Transplantation can be performed in patients in whom the tumor is not resectable but is confined to the liver, or in whom advanced cirrhosis and poor liver function preclude resection. Even patients with reasonably good liver function may be better served by transplantation. Because of undetected spread before surgery, the rate of tumor recurrence is high.

Nonoperative Treatments

Small tumors not amenable to resection because they are multiple or inaccessible or because of severe liver dysfunction have been treated with a variety of intralesional techniques. Alcohol injection was used initially, but more recently radiofrequency ablation has been preferred. Arterial embolization or chemoembolization are additional palliative methods in selected patients. They are also used to reduce the size of the tumor in an attempt to make resection possible or to allow a more conservative resection.

Chemotherapy

A large number of anticancer drugs, including alkylating agents, antitumor antibiotics, antimetabolites, plant alkaloids, platinum derivatives, and procarbazine, have been tried alone and in various combinations, and by different routes of administration, in the treatment of hepatocellular carcinoma, but response rates have invariably been less than 20%. Because single agents have limited value in treating hepatocellular carcinoma, it is not surprising that combinations of these agents are also disappointing. Multidrug resistance is an important factor in the poor outcomes, and the development and testing of drugs that reverse this resistance is in progress. Biologic response modifiers tested to date have not proved to be of value.

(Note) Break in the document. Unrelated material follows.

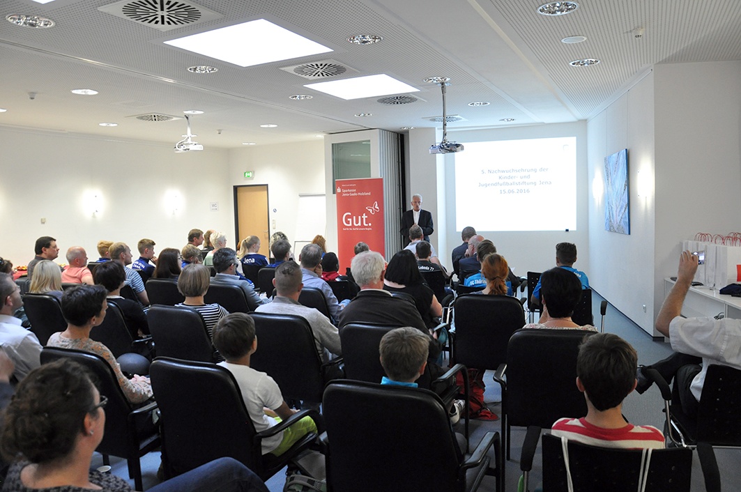 Am Mittwoch, dem 15.06.2016 trafen sich 19 Mädchen und Jungs von den Vereinen SV Lobeda 77 e.V. , FV Thüringen e.V., FF USV Jena e.V. und FC Carl Zeiss Jena e.V. mit Ihren Eltern, Betreuern , Trainern, Verantwortlichen der Vereine, u. a. Herr Falk Buchmann, Präsident FF USV Jena e.V. im Sparkassenhauptgebäude zur alljährlichen Nachwuchsehrung.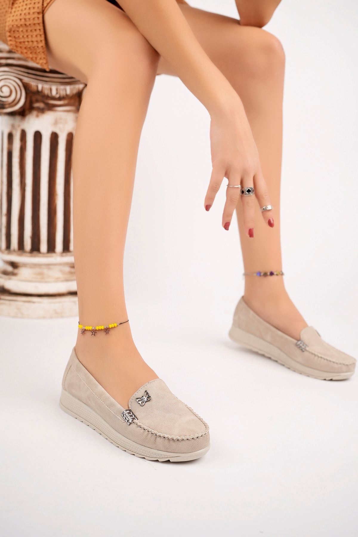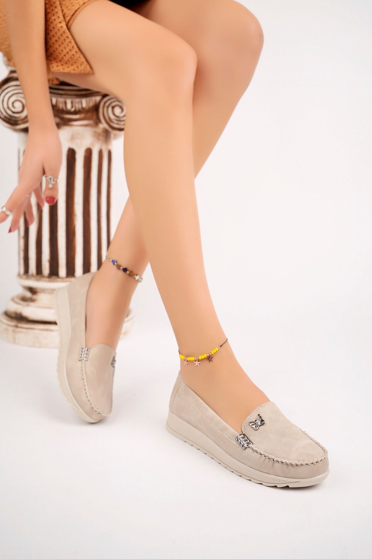 Dolgu Topuk Termo Taban Kelebekli Krem Kot Ayakkabı

Screening For Small Presymptomatic Tumors

Because symptomatic hepatocellular carcinoma is seldom amenable to surgical intervention and responds poorly to conservative modalities of treatment, there is a pressing need either to prevent the tumor or to diagnose it at a presymptomatic stage when surgical intervention is still possible. Mass screening of populations at high risk for the tumor is a daunting and expensive task with a relatively low yield. Long-term surveillance of individuals known to be at high risk (particularly those chronically infected with hepatitis B or C viruses) is more effective and can be costeffective. Ultrasound examination is used as the initial imaging screen in association with measurement of serum a-fetoprotein levels, usually performed at 6-month intervals.

Prevention

The only very effective means of preventing hepatocellular carcinoma at present is the use of hepatitis B virus vaccination. Universal incorporation of this vaccine into the Expanded Program of Immunization in countries in which infection with this virus is endemic and hepatocellular carcinoma common has already resulted in a more than tenfold decrease in viral carrier rates and a more than 70% reduction in the occurrence of hepatitis B-virus-induced hepatocellular carcinoma in the age cohorts that have received the vaccine.

Cholangiocarcinoma

Cholangiocarcinomas may originate from small intrahepatic bile ducts (peripheral cholangiocarcinoma), larger or hilar intrahepatic ducts (hilar cholangiocarcinoma) (when located at the bifurcation of the right and left main intrahepatic bile ducts, referred to as Klatskin tumor), or extrahepatic bile ducts (bile duct carcinoma).